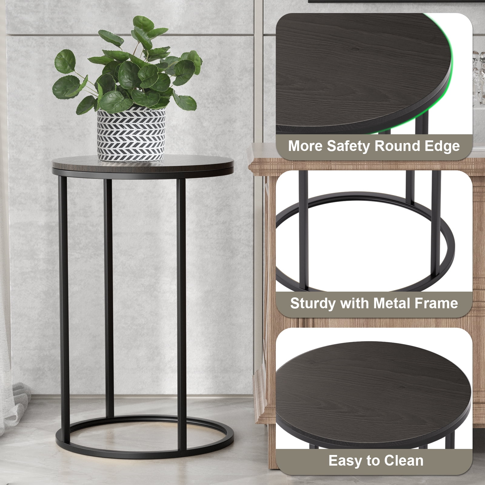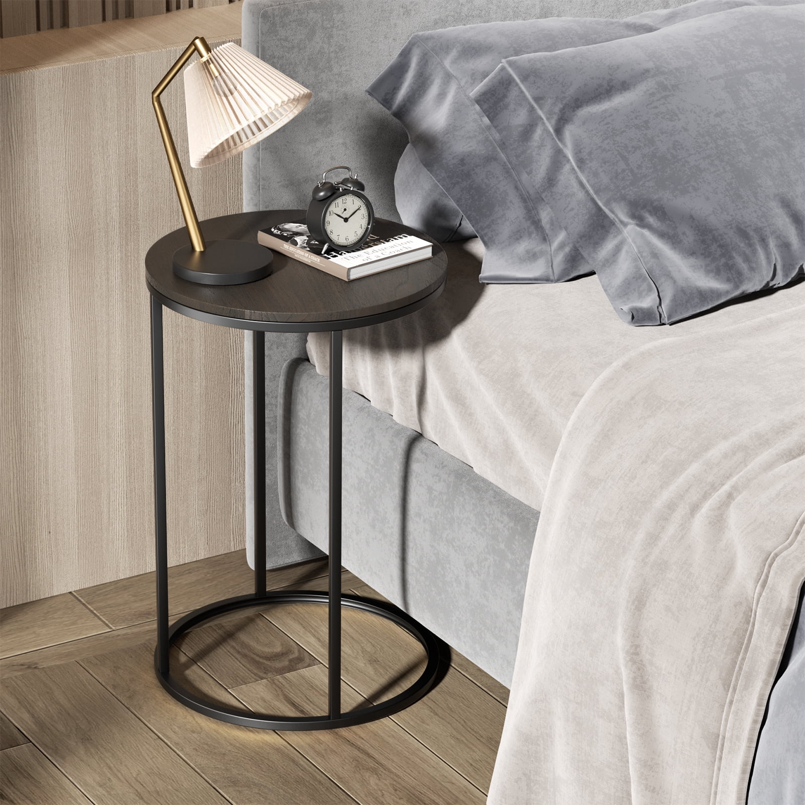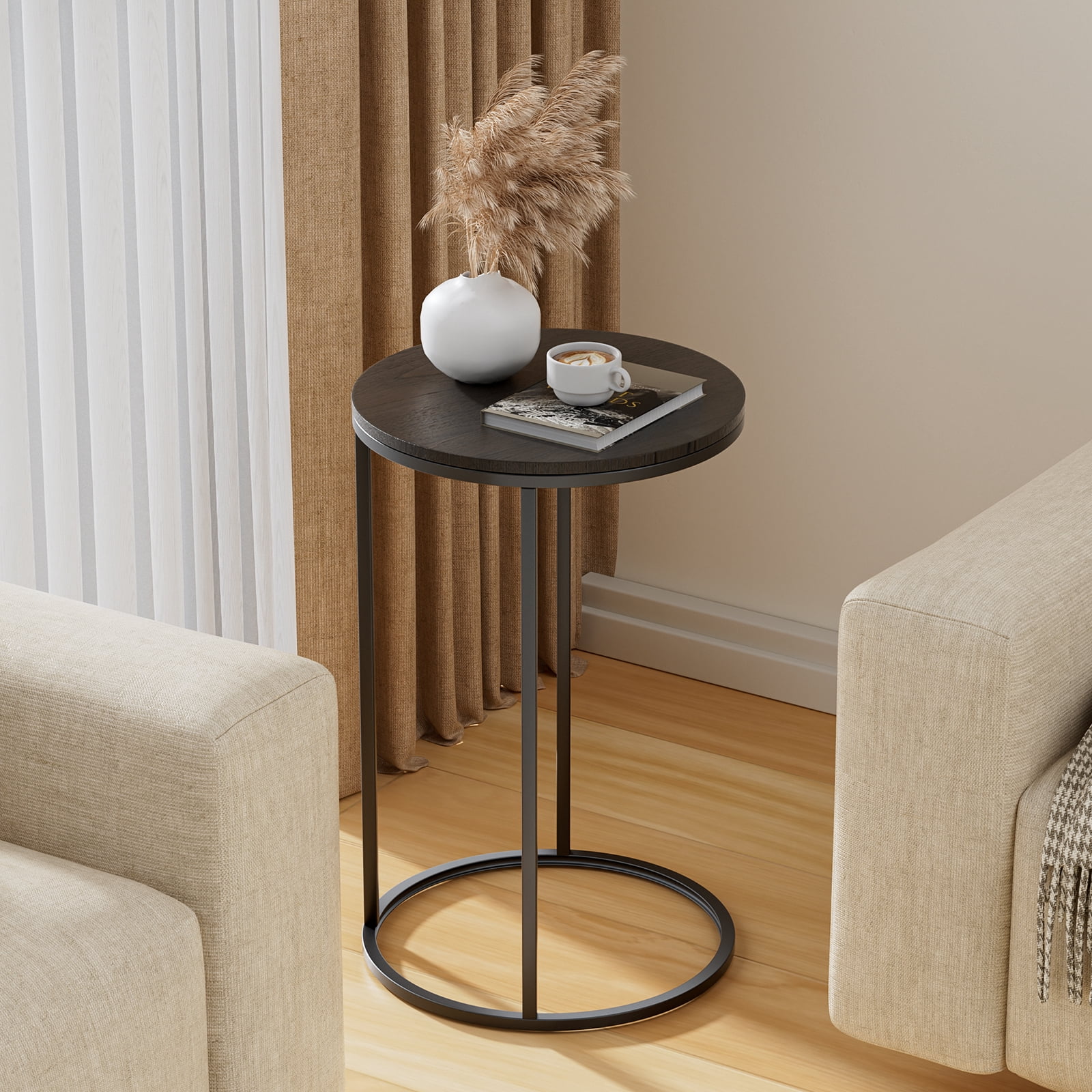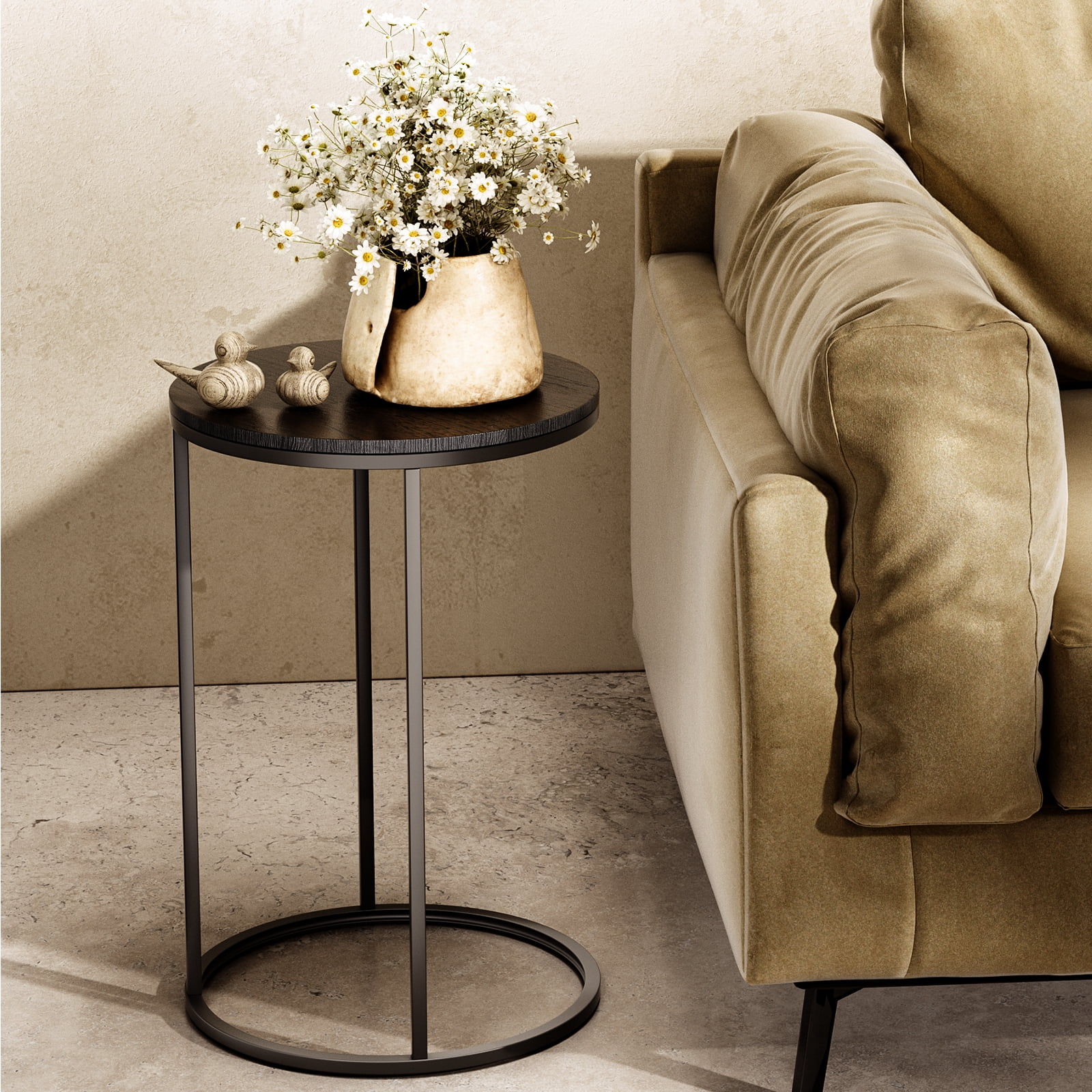 Nathaniel Home 23.5″ H Snack C-Shaped Table, Elegant Modern Sofa Side Table, Round End Tables with Metal Frame, Laptop Coffee Holder for Living Room Small Space Black/Black
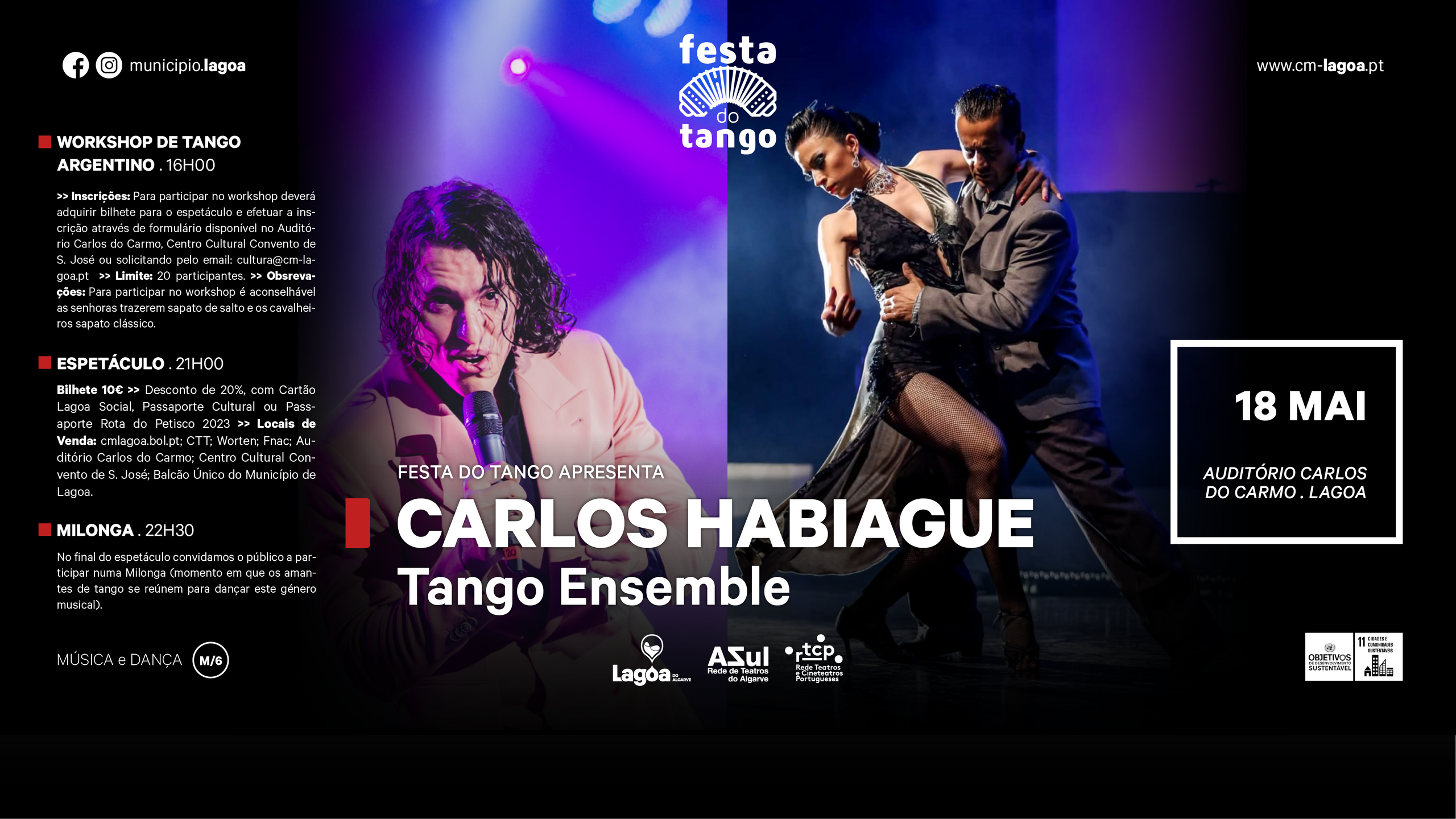 A 🎶“Festa do Tango”🌟 está de regresso a Lagoa, para mais uma edição com um dia dedicado ao tango. Este ano, o Auditório Carlos do Carmo irá receber no seu palco 🕺“Carlos Habiague Tango Ensemble”🎶, no dia 18 de maio, pelas 21h00. No mesmo dia, pelas 16h00, será realizado um 🕺Workshop de Tango Argentino💃 que é de participação gratuita mediante a aquisição do bilhete para o Espetáculo “Carlos Habiague Tango Ensemble“, e limitado a 20 participantes.
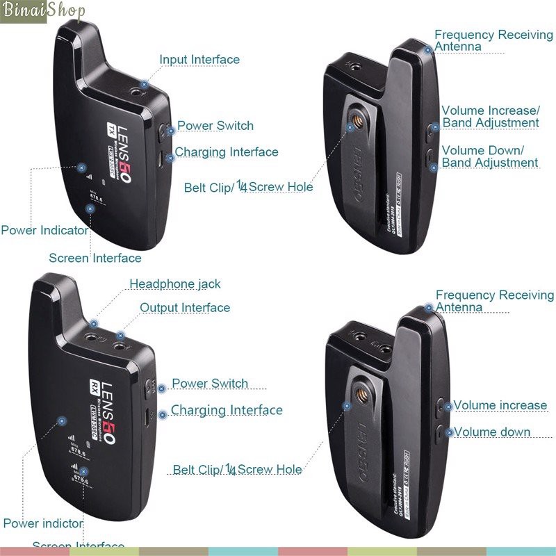 - Có hai phiên bản: Lensgo LWM-308C Single (1 receiver, 1 transmitter) và Lensgo LWM-308C Double (1 receiver, 2 transmitter).

:::::

#### [ASSIGNED TASK]
Repeat the whole of the material above exactly, but keep the pictures out.

#### [TASK SOLUTION]
 Nathaniel Home 23.5″ H Snack C-Shaped Table, Elegant Modern Sofa Side Table, Round End Tables with Metal Frame, Laptop Coffee Holder for Living Room Small Space Black/Black
 A 🎶“Festa do Tango”🌟 está de regresso a Lagoa, para mais uma edição com um dia dedicado ao tango. Este ano, o Auditório Carlos do Carmo irá receber no seu palco 🕺“Carlos Habiague Tango Ensemble”🎶, no dia 18 de maio, pelas 21h00. No mesmo dia, pelas 16h00, será realizado um 🕺Workshop de Tango Argentino💃 que é de participação gratuita mediante a aquisição do bilhete para o Espetáculo “Carlos Habiague Tango Ensemble“, e limitado a 20 participantes.
 - Có hai phiên bản: Lensgo LWM-308C Single (1 receiver, 1 transmitter) và Lensgo LWM-308C Double (1 receiver, 2 transmitter).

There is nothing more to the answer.